Whoops, here come the love-seat-delivery dudes. Anyone want to place a bet on whether the sumbitch will fit through the back door?
• Late update: It fit. Barely. Like an H2 on a sidewalk. Sucker sure looked smaller on the showroom floor than it did going down the basement stairs.

So thats what on universal sports I was refresh more than a hooker on Saturday night on west colfax. Liepheimer stood up also. but at least I got to see him
There’s few things in life more frustrating than watching the other half spend perfectly good (and necessary) booze money on such useless crap as “guest beds” and “curtains”.
I feel your pain, Patrick.
John, the web traffic must be mur-der, as Bugs used to say. We nearly doubled our usual turnout at VN.com’s live updates, and I bet Universal was doing likewise. I wanted to see Menchov and Di Luca finish their rides, but hey, life’s a bitch. Universal’s been pretty stellar otherwise.
Barry, glad to hear I got a witness. Guest beds. Curtains. Feh. What’s next, one of them little ruffly things to cover the lid to the john? If I have to start drinking a blend instead of single malt, there’s gonna be hell to pay around here. I will take to muttering. Under my breath. Whenever Herself isn’t here, of course. Like now. Mumble, grumble, bitch, gripe, grouse.
Patrick,
Such a timely topic. This very weekend as the weather turns from sunny, repeat SUNNY and 84 for the last 3 days to cloudy, cold and damp for the weekend many members of my wife’s family will arrive for us to entertain.

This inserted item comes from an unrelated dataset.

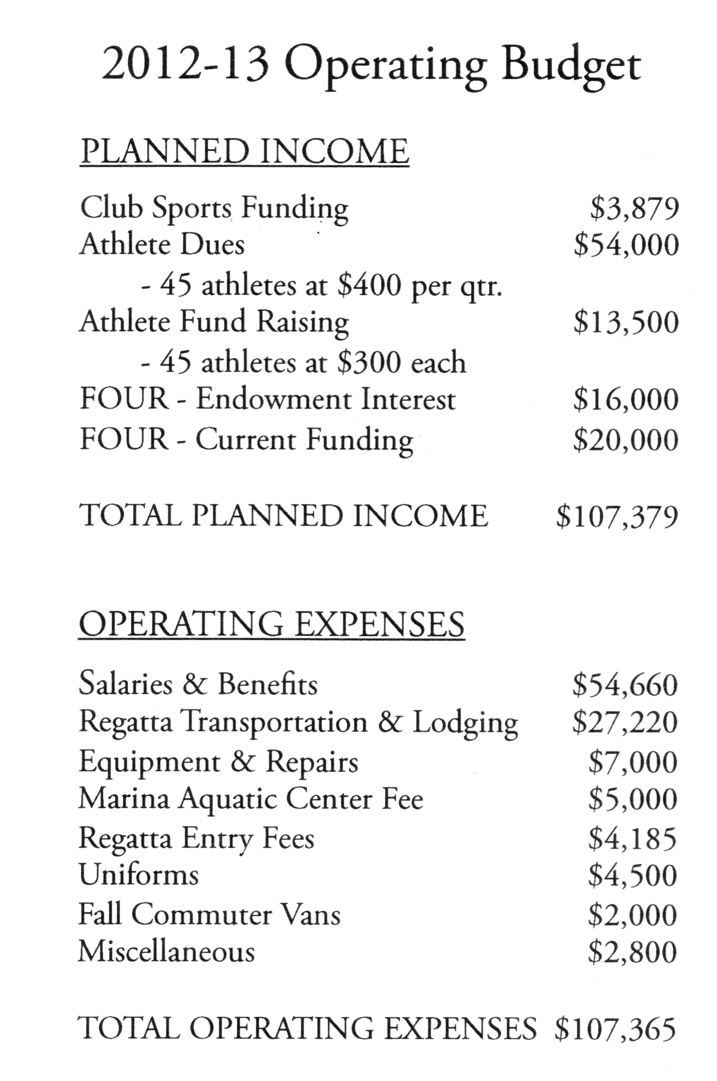 The amounts planned for the 2012/13 budget was augmented by the carry-over of $43,601 from the previous budget year and was used in large part by the purchase of a new varsity racing eight.
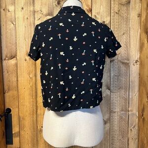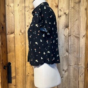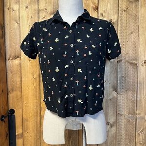 whimsy, whimsical, mushroom print, woodland, fairycore, goth, dark academia, cropped, cropped shirt, button front, Y2K, Y2K fashion, 90s style, 90s clothing, vintage clothing, vintage top, soft grunge, cottagecore, coquette, boho

If the weather had stayed nice I could spread them around the backyard and lower the density so to speak. Now it will be museum, museum, dinner and close confinement indoors. Don’t get me too wrong they’re nice folk, but the cycling as ‘quaint eccentricity’ attitude tends to chafe. That and not being able to use bad weather as the cycling gods intended, to clean chains and adjust derailleurs, just seems so wrong.
Oh well looks like a tail wind for the commute back home, I’ll just make the most of it.
Ben, we’re right there with you in the Ark. Sunny and hot yesterday, cloudy and damp today, with more of the same expected throughout the weekend. Slathering on the sunscreen one moment and pulling on the sweatpants the next. O, lawd. Hope your house is bigger than our 1,200-square-footer. This place fills up faster than an Irish pub on St. Paddy’s Day.
What’s with the visitors all of a sudden? Is the economy so bad, no one wants to use their own toilet paper? Drop trou in someone else’s reading room, they’re thinking? All of a sudden I’m more popular than the ear plug salesman at the 6th grade recital.
Its funny how the nice drapes and fancy kitchenware suddenly become more important than single-malt and new Vittorias when Mom is on the way over. But that’s one battle one can never contest. Unless one likes sleeping in the Longbed indefinitely, eh?
Thankfully, we are getting the 48 degree rain this weekend rather than last, when 2600 people were doing the Santa Fe Century ride. God is occasionally good, but He/She would be a more convincing act if Cheneydick suddenly developed a lifetime case of laryngitis. I think we should all chip in and send the guy water buckets and 2″ x 12″ x 8′ boards. Subtle enough?
Yeah, we’ve been doing involuntary econ contribution since the first of the year. I took stock last week, and it’s scary. Washer and dryer crapped out in Jan, Micro in Feb, weed whacker last week. I’d rather not replace that one, but my smarter half controls the purse.
Last week was 1k on oral surgery and another k on arch supports for her. Oh yeah, anotherK just this last Monday on tires, shocks and struts. F’kin America better be grateful!